= Task statement =
Write each entry out again verbatim, pictures excluded.

= Data provided =

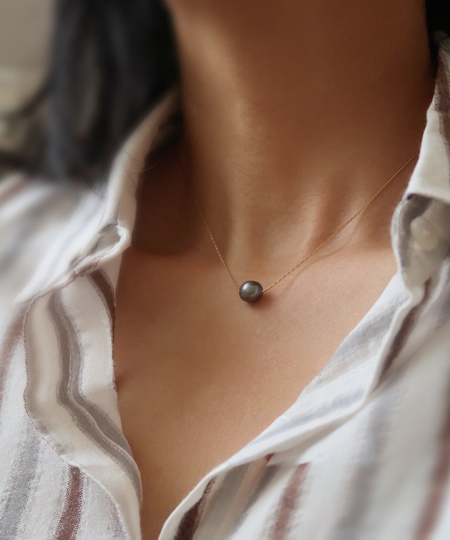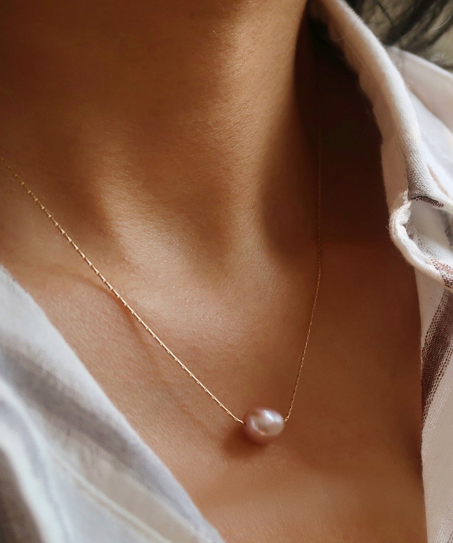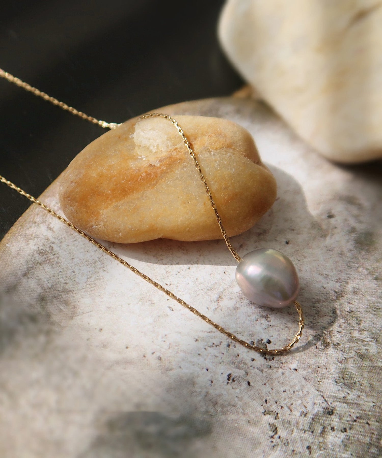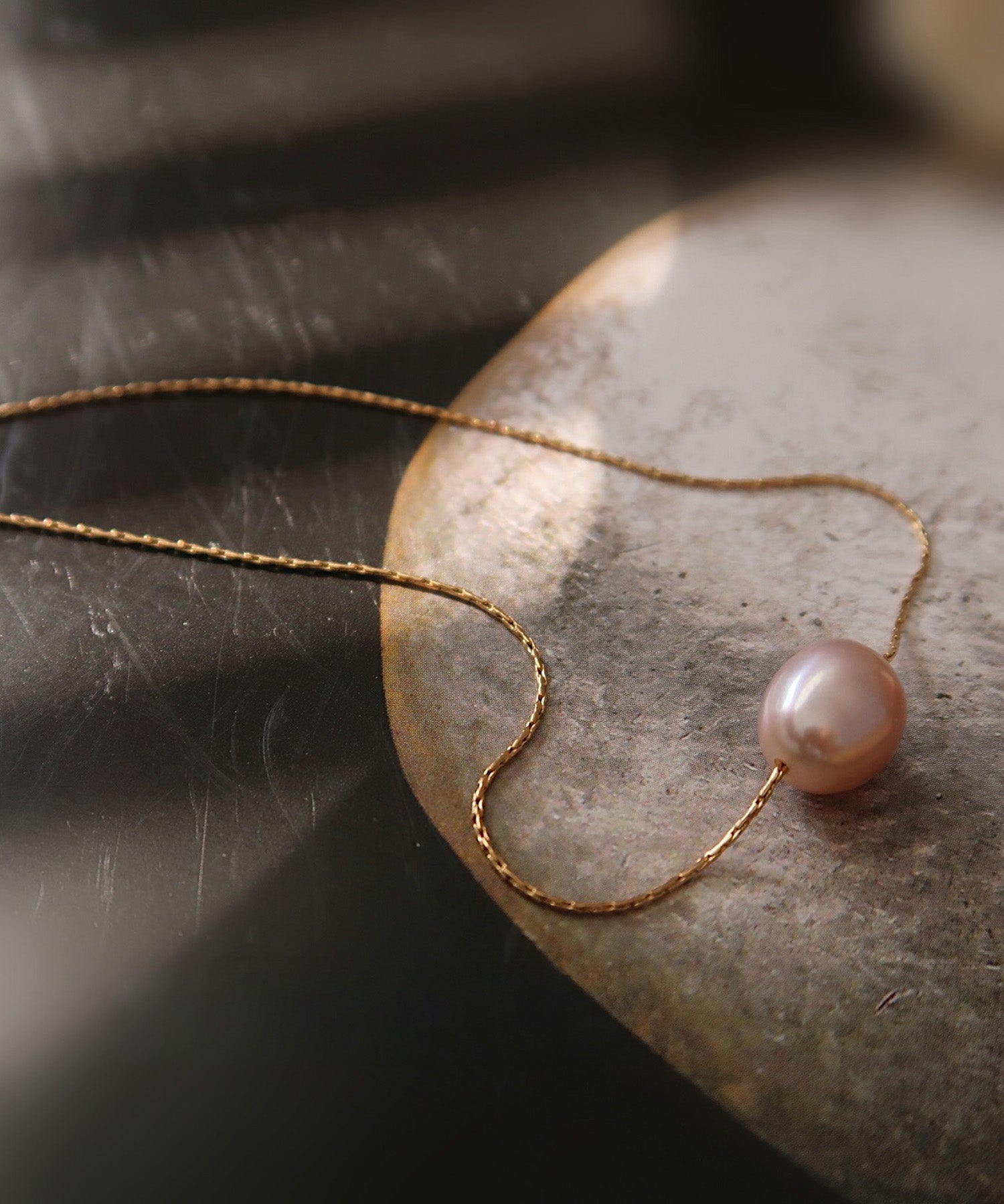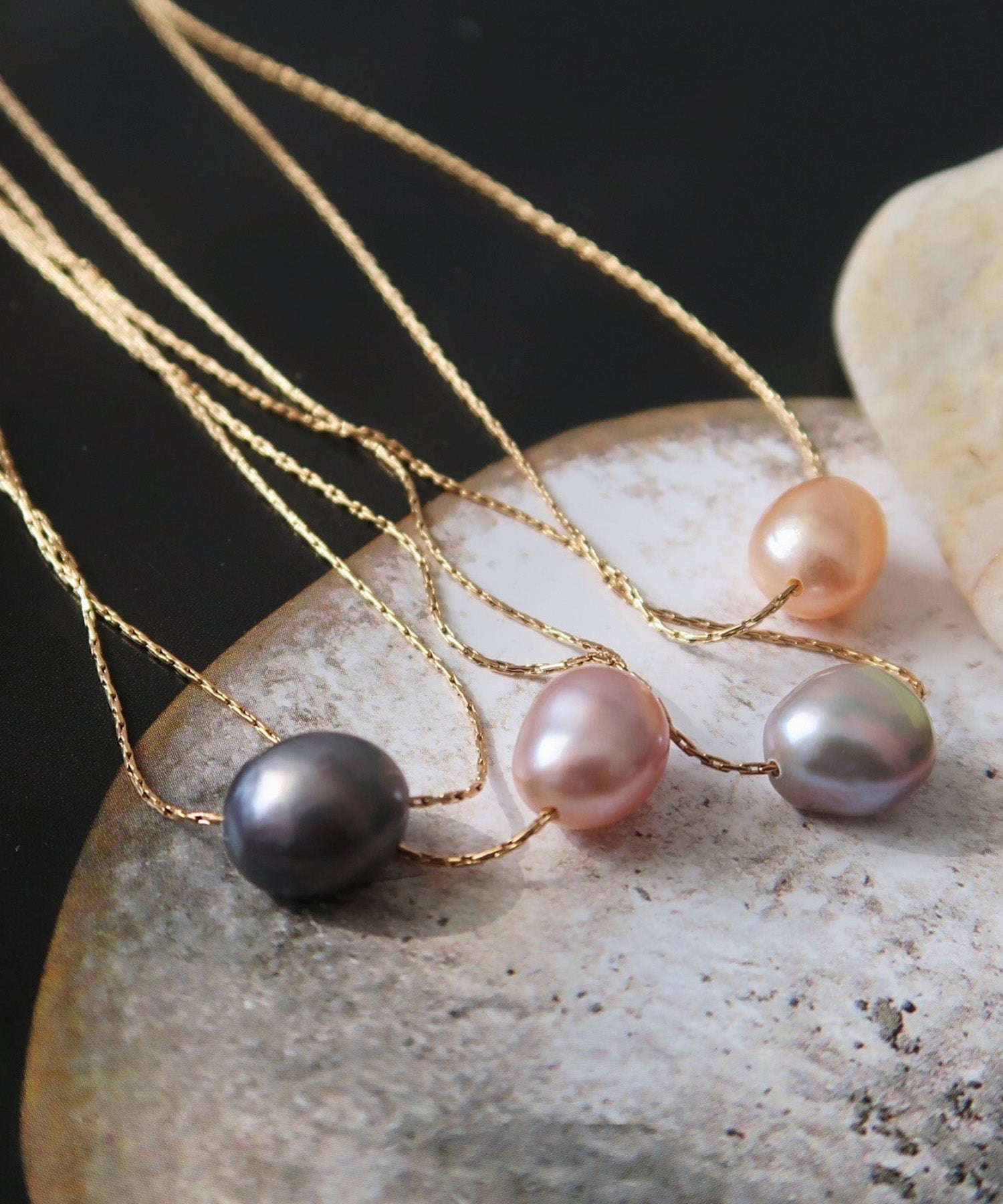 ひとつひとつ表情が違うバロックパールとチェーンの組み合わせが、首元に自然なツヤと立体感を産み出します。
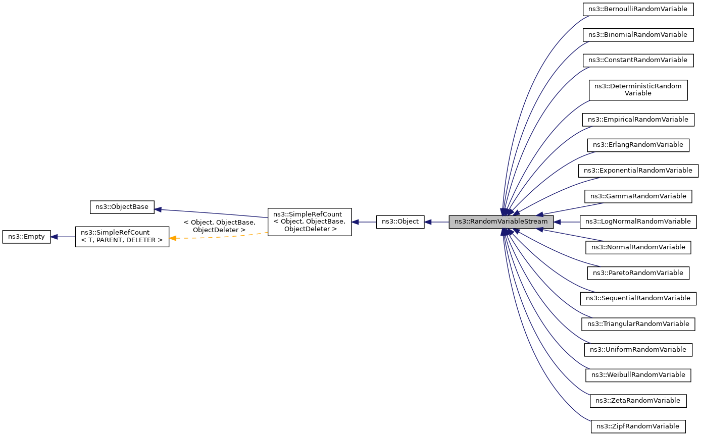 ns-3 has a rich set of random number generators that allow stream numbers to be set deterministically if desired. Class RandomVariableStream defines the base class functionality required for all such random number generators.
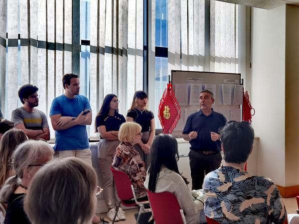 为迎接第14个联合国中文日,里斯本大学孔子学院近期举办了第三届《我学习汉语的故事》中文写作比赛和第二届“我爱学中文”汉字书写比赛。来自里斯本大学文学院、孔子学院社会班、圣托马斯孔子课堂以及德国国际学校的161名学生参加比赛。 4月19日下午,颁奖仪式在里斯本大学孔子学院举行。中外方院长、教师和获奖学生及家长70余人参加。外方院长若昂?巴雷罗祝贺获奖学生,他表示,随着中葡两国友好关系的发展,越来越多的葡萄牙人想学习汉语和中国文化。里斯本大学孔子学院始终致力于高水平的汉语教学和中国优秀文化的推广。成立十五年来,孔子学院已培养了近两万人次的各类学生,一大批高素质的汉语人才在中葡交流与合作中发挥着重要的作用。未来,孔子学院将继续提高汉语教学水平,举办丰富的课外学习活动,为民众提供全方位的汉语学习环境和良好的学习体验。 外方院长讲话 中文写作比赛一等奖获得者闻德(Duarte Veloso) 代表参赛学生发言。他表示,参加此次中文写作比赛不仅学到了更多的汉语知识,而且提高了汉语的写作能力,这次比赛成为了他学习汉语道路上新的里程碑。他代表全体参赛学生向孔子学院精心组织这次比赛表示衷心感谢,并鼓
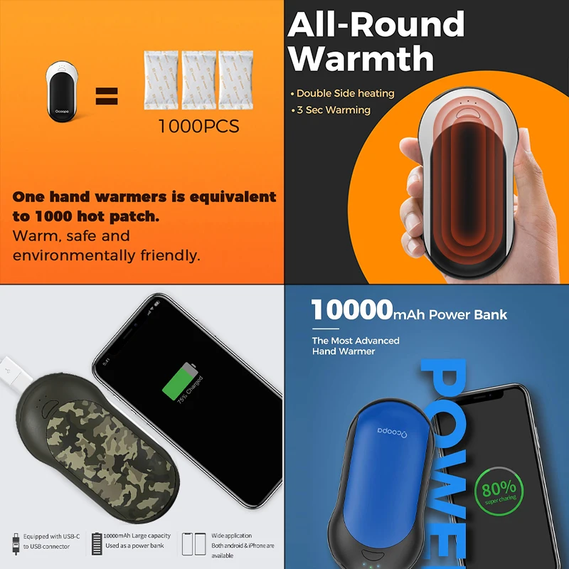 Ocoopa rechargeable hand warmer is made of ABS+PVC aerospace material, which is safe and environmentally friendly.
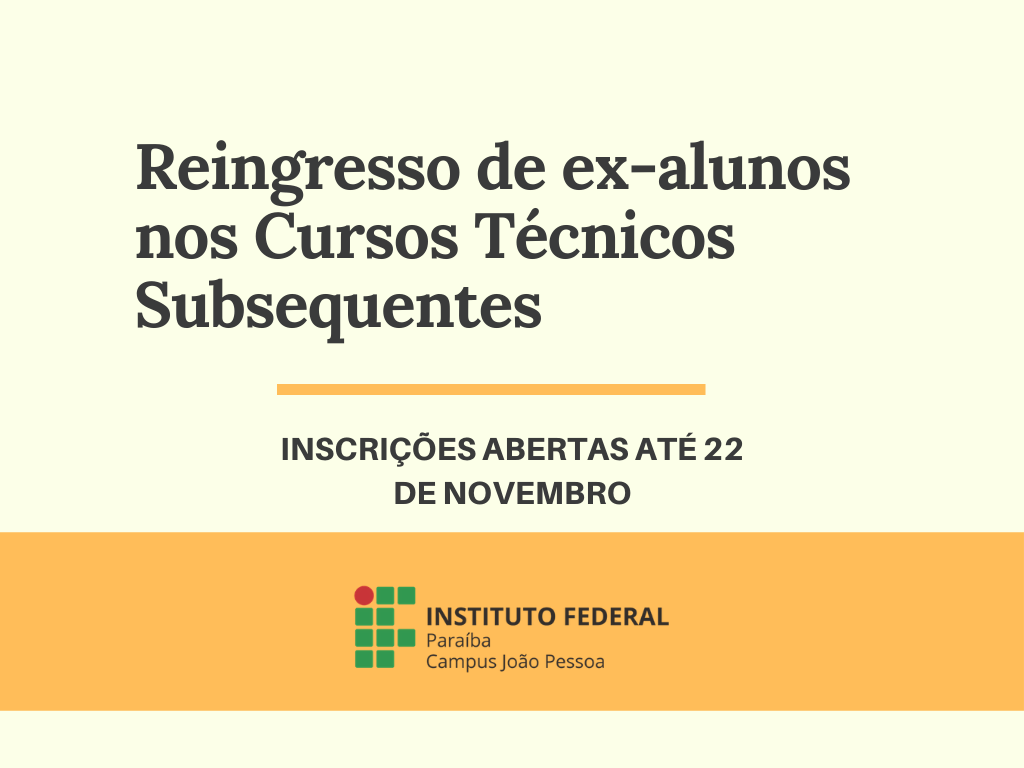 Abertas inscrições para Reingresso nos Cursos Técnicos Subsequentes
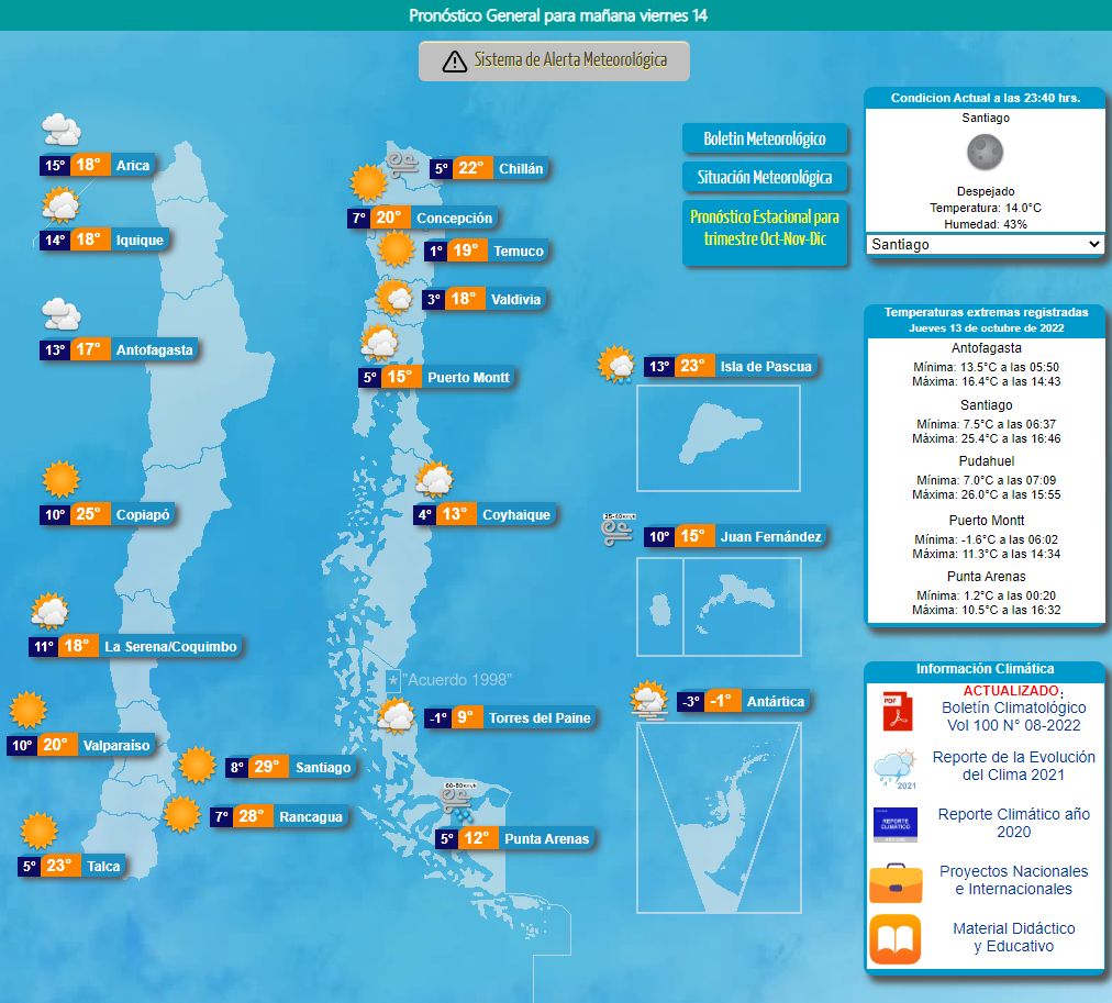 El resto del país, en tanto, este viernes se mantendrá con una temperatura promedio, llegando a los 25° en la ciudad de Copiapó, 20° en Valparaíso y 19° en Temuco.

= Solution to this problem =
 ひとつひとつ表情が違うバロックパールとチェーンの組み合わせが、首元に自然なツヤと立体感を産み出します。
 ns-3 has a rich set of random number generators that allow stream numbers to be set deterministically if desired. Class RandomVariableStream defines the base class functionality required for all such random number generators.
 为迎接第14个联合国中文日,里斯本大学孔子学院近期举办了第三届《我学习汉语的故事》中文写作比赛和第二届“我爱学中文”汉字书写比赛。来自里斯本大学文学院、孔子学院社会班、圣托马斯孔子课堂以及德国国际学校的161名学生参加比赛。 4月19日下午,颁奖仪式在里斯本大学孔子学院举行。中外方院长、教师和获奖学生及家长70余人参加。外方院长若昂?巴雷罗祝贺获奖学生,他表示,随着中葡两国友好关系的发展,越来越多的葡萄牙人想学习汉语和中国文化。里斯本大学孔子学院始终致力于高水平的汉语教学和中国优秀文化的推广。成立十五年来,孔子学院已培养了近两万人次的各类学生,一大批高素质的汉语人才在中葡交流与合作中发挥着重要的作用。未来,孔子学院将继续提高汉语教学水平,举办丰富的课外学习活动,为民众提供全方位的汉语学习环境和良好的学习体验。 外方院长讲话 中文写作比赛一等奖获得者闻德(Duarte Veloso) 代表参赛学生发言。他表示,参加此次中文写作比赛不仅学到了更多的汉语知识,而且提高了汉语的写作能力,这次比赛成为了他学习汉语道路上新的里程碑。他代表全体参赛学生向孔子学院精心组织这次比赛表示衷心感谢,并鼓
 Ocoopa rechargeable hand warmer is made of ABS+PVC aerospace material, which is safe and environmentally friendly.
 Abertas inscrições para Reingresso nos Cursos Técnicos Subsequentes
 El resto del país, en tanto, este viernes se mantendrá con una temperatura promedio, llegando a los 25° en la ciudad de Copiapó, 20° en Valparaíso y 19° en Temuco.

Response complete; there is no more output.